- EXERCISE PROMPT: From the records below, print only the part that opens with the line containing "Za manje od" and closes with the line containing "BADGLEY MISCHKA COLLECTION"; omit the pictures.

- EXTRACTED RECORDS:
--- START ---
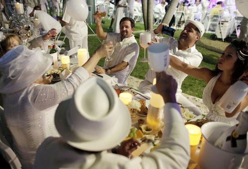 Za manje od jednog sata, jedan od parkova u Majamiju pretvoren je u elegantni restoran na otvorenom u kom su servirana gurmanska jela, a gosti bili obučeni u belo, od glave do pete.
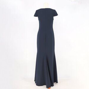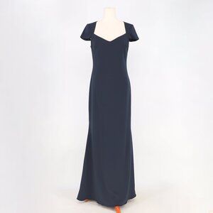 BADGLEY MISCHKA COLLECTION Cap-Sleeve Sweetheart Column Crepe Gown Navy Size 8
--- END ---
--- START ---
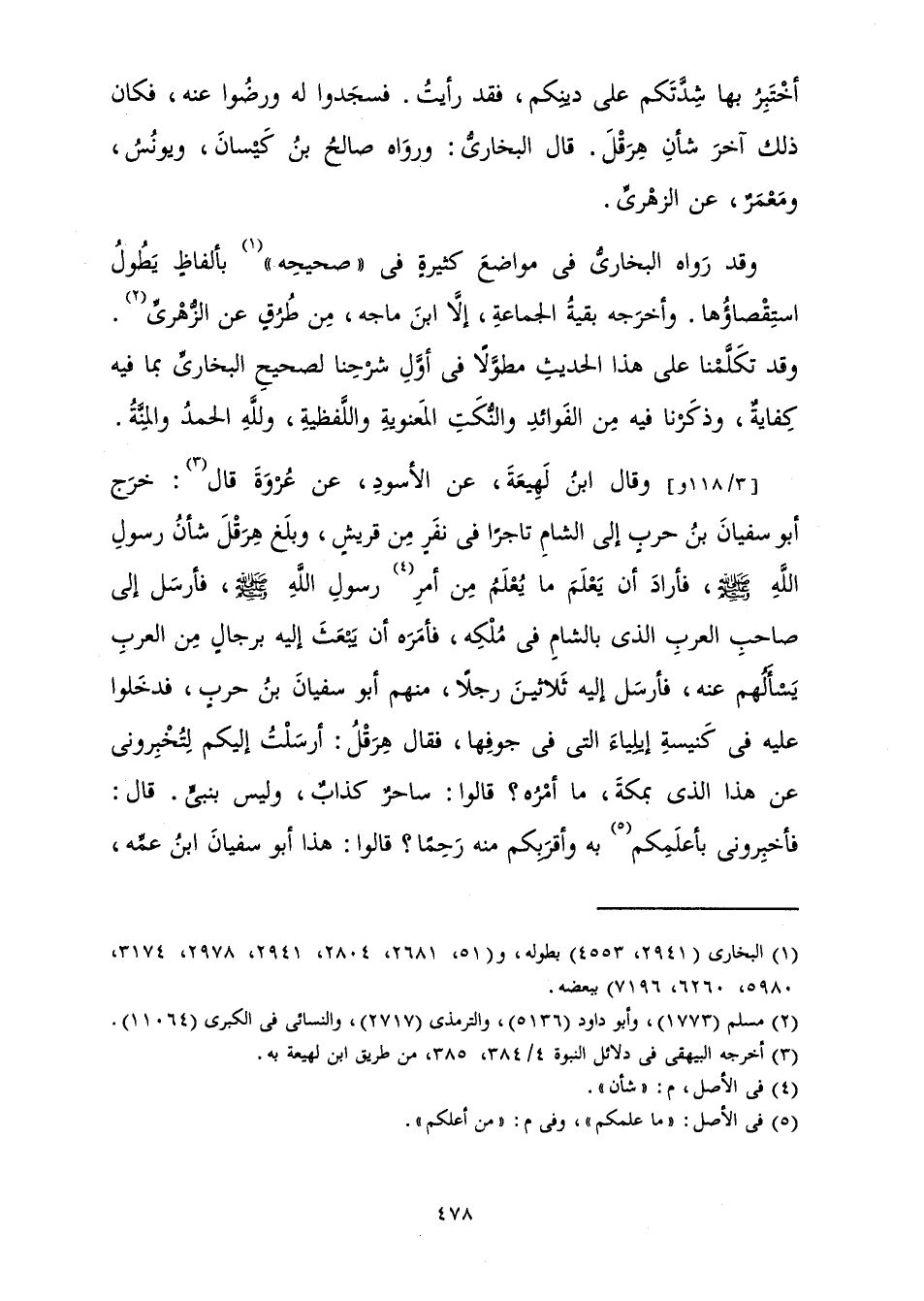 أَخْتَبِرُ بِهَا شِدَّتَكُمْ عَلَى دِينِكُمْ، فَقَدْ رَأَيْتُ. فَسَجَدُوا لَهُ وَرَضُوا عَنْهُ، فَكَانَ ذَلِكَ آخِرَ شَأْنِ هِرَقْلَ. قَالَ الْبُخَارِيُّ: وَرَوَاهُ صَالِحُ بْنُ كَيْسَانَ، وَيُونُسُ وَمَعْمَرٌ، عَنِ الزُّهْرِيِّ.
--- END ---
- ANSWER TO THIS PROBLEM:
 Za manje od jednog sata, jedan od parkova u Majamiju pretvoren je u elegantni restoran na otvorenom u kom su servirana gurmanska jela, a gosti bili obučeni u belo, od glave do pete.
 BADGLEY MISCHKA COLLECTION Cap-Sleeve Sweetheart Column Crepe Gown Navy Size 8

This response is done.